WHAT TO PRODUCE:
Taking the listing below, restate word for word each line from the line with "29 декабря в" to the line with "В доме доме", ends included, and stop there.

RECORDS FOR THIS EXERCISE:
* * * * * * *

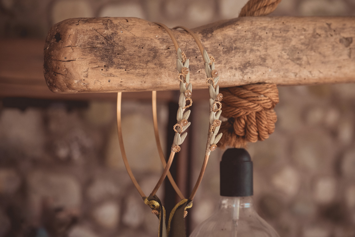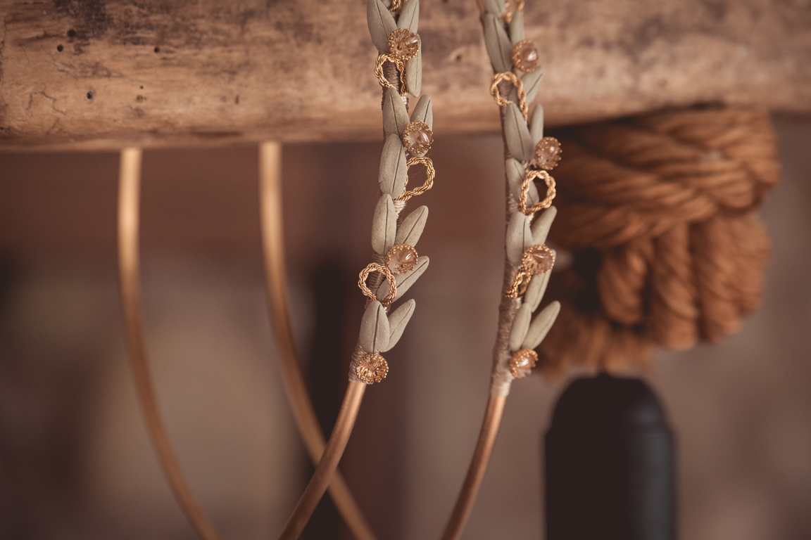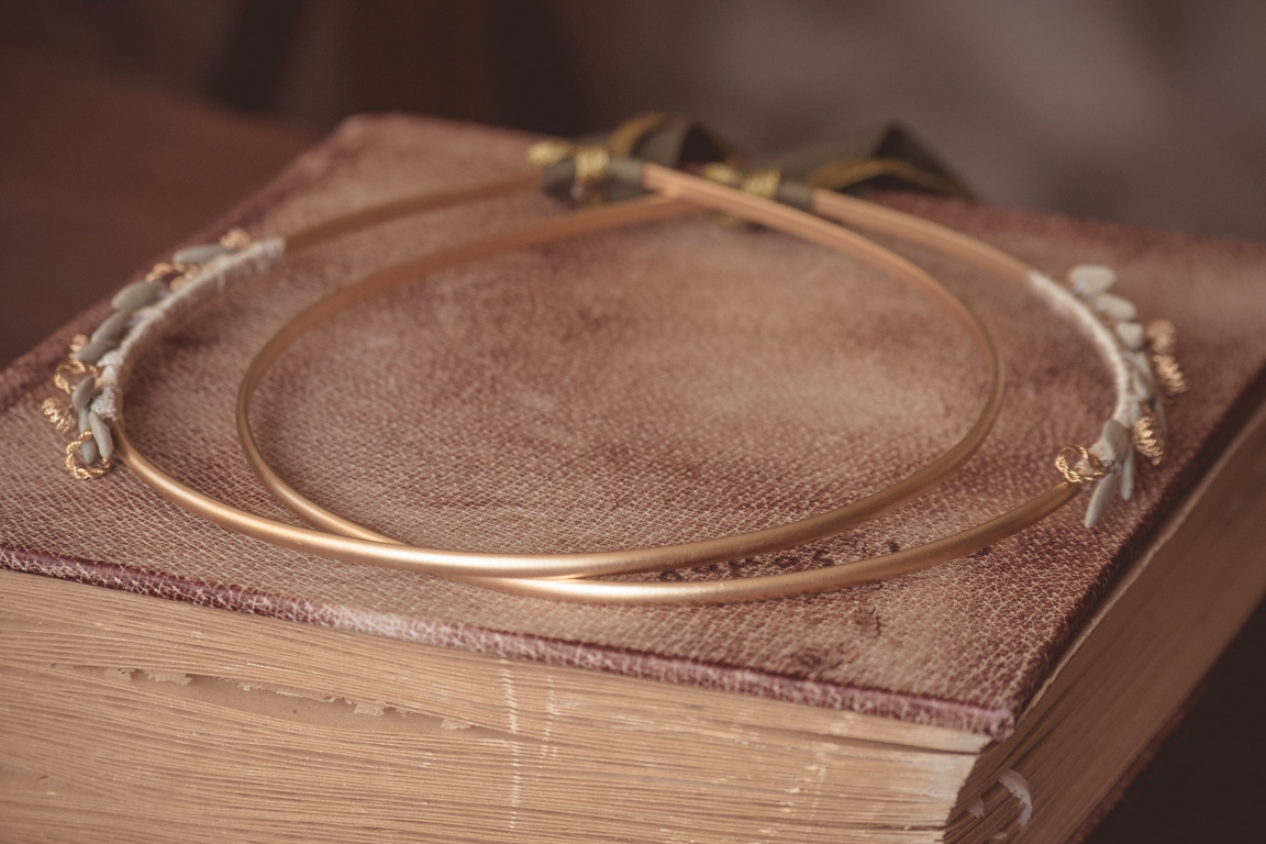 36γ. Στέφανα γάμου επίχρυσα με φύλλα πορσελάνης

* * * * * * *

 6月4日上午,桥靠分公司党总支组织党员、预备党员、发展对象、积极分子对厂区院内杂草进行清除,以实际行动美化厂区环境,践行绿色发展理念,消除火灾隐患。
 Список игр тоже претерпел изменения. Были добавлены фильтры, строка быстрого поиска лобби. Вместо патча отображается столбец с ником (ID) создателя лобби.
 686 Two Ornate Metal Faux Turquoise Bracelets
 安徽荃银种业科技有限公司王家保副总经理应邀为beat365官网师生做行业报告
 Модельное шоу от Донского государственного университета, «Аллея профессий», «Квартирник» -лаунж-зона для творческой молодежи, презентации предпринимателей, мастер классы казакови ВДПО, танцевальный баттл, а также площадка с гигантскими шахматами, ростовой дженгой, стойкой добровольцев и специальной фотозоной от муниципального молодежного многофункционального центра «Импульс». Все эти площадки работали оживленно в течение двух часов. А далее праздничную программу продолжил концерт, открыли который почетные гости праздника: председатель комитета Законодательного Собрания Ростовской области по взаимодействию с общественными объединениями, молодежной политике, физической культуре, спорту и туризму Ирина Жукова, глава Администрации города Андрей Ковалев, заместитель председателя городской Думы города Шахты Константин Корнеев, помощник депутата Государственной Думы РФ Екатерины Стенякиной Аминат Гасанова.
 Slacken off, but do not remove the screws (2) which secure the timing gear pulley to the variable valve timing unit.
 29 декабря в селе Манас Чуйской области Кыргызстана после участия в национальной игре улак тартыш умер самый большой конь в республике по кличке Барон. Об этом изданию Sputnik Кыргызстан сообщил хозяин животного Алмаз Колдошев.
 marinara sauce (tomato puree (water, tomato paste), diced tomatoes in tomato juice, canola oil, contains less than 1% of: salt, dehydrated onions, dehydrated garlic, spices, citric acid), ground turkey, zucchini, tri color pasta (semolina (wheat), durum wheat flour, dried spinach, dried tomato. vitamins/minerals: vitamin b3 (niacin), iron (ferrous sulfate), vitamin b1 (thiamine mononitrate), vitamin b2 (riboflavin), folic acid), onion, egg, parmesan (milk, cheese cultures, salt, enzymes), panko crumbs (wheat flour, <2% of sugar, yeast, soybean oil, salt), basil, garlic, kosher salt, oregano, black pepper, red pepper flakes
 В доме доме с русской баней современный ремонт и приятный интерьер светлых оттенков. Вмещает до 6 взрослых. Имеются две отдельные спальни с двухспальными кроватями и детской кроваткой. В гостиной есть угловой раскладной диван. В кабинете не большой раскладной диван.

* * * * * * *

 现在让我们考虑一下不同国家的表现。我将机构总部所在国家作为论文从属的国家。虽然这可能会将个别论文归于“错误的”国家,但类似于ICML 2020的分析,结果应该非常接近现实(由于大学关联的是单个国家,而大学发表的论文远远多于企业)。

* * * * * * *

EXERCISE ANSWER:
 29 декабря в селе Манас Чуйской области Кыргызстана после участия в национальной игре улак тартыш умер самый большой конь в республике по кличке Барон. Об этом изданию Sputnik Кыргызстан сообщил хозяин животного Алмаз Колдошев.
 marinara sauce (tomato puree (water, tomato paste), diced tomatoes in tomato juice, canola oil, contains less than 1% of: salt, dehydrated onions, dehydrated garlic, spices, citric acid), ground turkey, zucchini, tri color pasta (semolina (wheat), durum wheat flour, dried spinach, dried tomato. vitamins/minerals: vitamin b3 (niacin), iron (ferrous sulfate), vitamin b1 (thiamine mononitrate), vitamin b2 (riboflavin), folic acid), onion, egg, parmesan (milk, cheese cultures, salt, enzymes), panko crumbs (wheat flour, <2% of sugar, yeast, soybean oil, salt), basil, garlic, kosher salt, oregano, black pepper, red pepper flakes
 В доме доме с русской баней современный ремонт и приятный интерьер светлых оттенков. Вмещает до 6 взрослых. Имеются две отдельные спальни с двухспальными кроватями и детской кроваткой. В гостиной есть угловой раскладной диван. В кабинете не большой раскладной диван.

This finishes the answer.